A Victorian MP is calling for sweeping changes to the state’s prison system, including avoiding jail time altogether for some after a review into the system recommended a major overhaul.
A report tabled to the Victorian parliament this week made 100 recommendations for change.
Among the changes included making bail more accessible for youth offenders, automatic parole, home detention as an alternative to prison and rehabilitation rather than punishment.
Victorian Reason Party leader Fiona Patten said incarceration did not work, and rising jail figures and the crime rate reflected that.
“I think jail is now becoming our response to mental health, it’s becoming our rxjmtzywesponse to homelessness, it’s becoming our response to family violence, to disability,” Ms Patten told 3aw.
“We need urgent work to improve the way we deliver justice to ensure community safety and to find modern solutions to reduce offending and reoffending.”
The Legislative Council Legal and Social Issues Committee, of which Ms Patten chairs, has recommended the state government adopt a more modern and rehabilitation-focused approach to justice in Victoria.
The comprehensive inquiry examined all aspects of the criminal justice framework with a particular focus on early intervention, the overrepresentation of vulnerable cohorts, policing, victims of crime, bail and remand, courts and sentencing, prisons and rehabilitation, and the judiciary.
The committee heard evidence that despite a 57.6 per cent increase in Victoria’s prison population in the decade to June 30, 2020, this hadn’t always resulted in better outcomes for the community.
It also found changes to the state’s bail system in 2013 and again in 2017-18 had led to a massive rise in the number of people on remand.
The figure had almost tripled to just under 3000 by 2019.
“The purpose of bail is to keep the community safe from high-risk offenders,” Ms Patten said.
“Denying bail to so many has disproportionately impacted women, Aboriginal Victorians, children and young people, and people living with disability.”
The Reason Party leader, who has been an advocate for the supervised drug-injecting facility at North Richmond, called the discovery of a bag of heroin in a Richmond street “frightening”.

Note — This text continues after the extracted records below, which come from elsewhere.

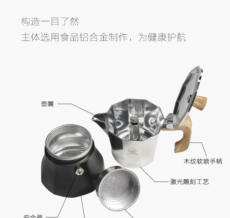 错山 意式摩卡壶 户外摩卡手冲咖啡壶 (单阀) MM812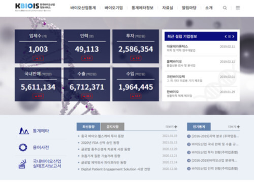 한편, KBIOIS에서는 국내 바이오산업 통계현황, 국내외 바이오산업 최신동향 등 바이오산업 관련 다양한 정보를 제공하고 있다.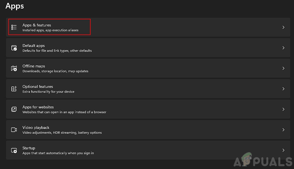 - Select the option App and Features Now from the list of applications installed click on FIFA22.

The bag of heroin, estimated to be worth around $5000, was found at the front gate of a house near a primary school near the safe-infecting facility.
Police confirmed the bag was found alongside jewellery outside a house on Peers St.
The finding on Friday morning led opposition MPs to blast the government’s decision to implement the facility, which was built to reduce overdoses and deaths.
“This is another example of what we’re doing now is not working, but it’s frightening and I’m pleased to hear someone found it before someone was hurt,” Ms Patten said.
“Police are constantly saying they want to go after the traffickers and the manufacturers, and they want the users to be treated as a health issue.